La révolution de l’IA sera extrêmement capitalistique. Les pays qui ne financent pas leurs capacités technologiques aujourd’hui risquent d’être durablement marginalisés demain.

L’IA représente-t-elle une menace pour l’emploi en Afrique ?

Oui, mais pas de la manière que les gens imaginent.

Le débat occidental porte souvent sur la disparition des emplois de bureau très qualifiés. En Afrique, le problème est différent. Une grande partie de l’économie est encore informelle.

Le danger principal est plutôt celui d’une polarisation économique accrue. Les travailleurs capables d’utiliser l’IA verront leur productivité exploser. Les autres risquent d’être progressivement exclus des segments les plus rémunérateurs de l’économie numérique.

Autrement dit, l’IA pourrait accélérer les inégalités entre pays, entre entreprises et même entre individus.

Certains disent pourtant que l’Afrique peut profiter de son retard pour “sauter des étapes”…

C’est possible, mais ce scénario optimiste dépend d’investissements très rapides.

L’Afrique a déjà montré sa capacité de leapfrogging avec le mobile banking ou les fintechs. Mais l’IA est différente.
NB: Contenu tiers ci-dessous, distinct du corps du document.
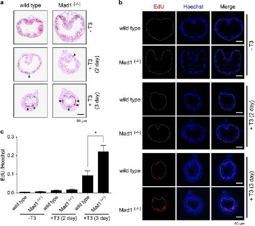 Figure 7. Mad1 knockout enhances intestinal epithelial cell proliferation during T3-induced metamorphosis. Premetamorphic stage 54 tadpoles were treated with 5ânM T3 for 0, 2 or 3 days and were killed 30âmin after EdU injection. (a) Cross-sections of the intestine from the resulting tadpoles were stained for MGPY. Note there were more epithelial cells in clusters strongly stained by MGPY in the cross-sections of the intestine from Mad1 (â/â) tadpoles treated with T3 for 3 day compared with wild-type ones. Arrowheads indicate the clusters of epithelial cells. (b) Cross-sections of the intestine from the tadpoles were double-stained for EdU (cell proliferation) and with Hoechst (DNA). Again, there are more EdU-positive epithelial cells in clusters in the T3-treated Mad1 (â/â) tadpole intestinal cross-sections compared with the wild-type ones. The dotted lines depict the epitheliumâmesenchyme boundary. Scale bar, 50âμm. (c) Cell proliferation is significantly increased in Mad1 (â/â) tadpoles treated with T3 for 3 day compared with wild-type ones. Red colored EdU positive areas in epithelium were measured and normalized against the total cellular area in epithelium determined by Hoechst staining. The statistical significance of the differences was determined by Studentâs t-test (*P<0.05)

Cette fois-ci, il ne suffit pas seulement d’adopter une technologie ; il faut aussi contrôler les infrastructures derrière cette technologie.

Aujourd’hui, la bataille mondiale se joue autour des GPU, des centres de données, des modèles de langage et du cloud.

Celui qui contrôle ces infrastructures contrôle une partie du futur de l’économie numérique mondiale.

Comment l’intelligence artificielle va-t-elle transformer le monde de la finance en Afrique ?

Le secteur financier africain sera probablement l’un des premiers profondément transformés par l’intelligence artificielle. Les banques, fintechs, assurances et sociétés de paiement commencent déjà à utiliser des algorithmes pour l’analyse du risque, la détection de fraude, le crédit numérique ou encore les services clients automatisés.

Mais le changement le plus important sera invisible. L’IA va progressivement déplacer le centre de valeur de la finance vers la donnée. Les institutions capables d’analyser massivement les comportements financiers auront un avantage énorme dans l’octroi de crédit, la tarification des risques ou les paiements numériques. Dans plusieurs économies africaines où une grande partie de la population reste sous-bancarisée, cela pourrait accélérer considérablement l’inclusion financière.

En revanche, cette transformation crée aussi de nouveaux risques. Une dépendance excessive à des infrastructures technologiques étrangères pourrait fragiliser la souveraineté numérique des systèmes financiers africains. De plus, l’utilisation croissante d’algorithmes dans les décisions financières pose des questions majeures de cybersécurité, de protection des données et même de stabilité économique. L’Afrique devra donc éviter de devenir uniquement un marché de consommation technologique et investir davantage dans ses propres capacités numériques et son expertise locale.

L’Afrique peut-elle réellement construire ses propres modèles d’IA ?

Oui, mais cela demande une vision industrielle continentale.

Aucun pays africain isolé n’a aujourd’hui la taille suffisante pour rivaliser seul avec les géants américains ou chinois. En revanche, une coopération régionale autour des infrastructures cloud, des universités, des centres de recherche et des données africaines pourrait changer l’équation.

Le vrai enjeu est là : construire une souveraineté numérique africaine.

Parce que si l’Afrique ne participe pas à la production de l’intelligence artificielle, elle participera seulement à sa consommation. Et historiquement, les régions qui consomment uniquement les technologies des autres finissent rarement par dominer l’économie mondiale.

Finalement, quel est selon vous le plus grand risque pour l’Afrique dans cette révolution de l’IA ?

Le plus grand risque n’est pas technologique.

Le plus grand risque serait que l’Afrique sous-estime encore une fois l’importance historique d’une révolution industrielle pendant que le reste du monde restructure déjà l’économie mondiale autour d’elle.

Car l’intelligence artificielle ne va pas simplement créer de nouvelles applications.

Elle va probablement redéfinir la hiérarchie économique mondiale du XXIe siècle.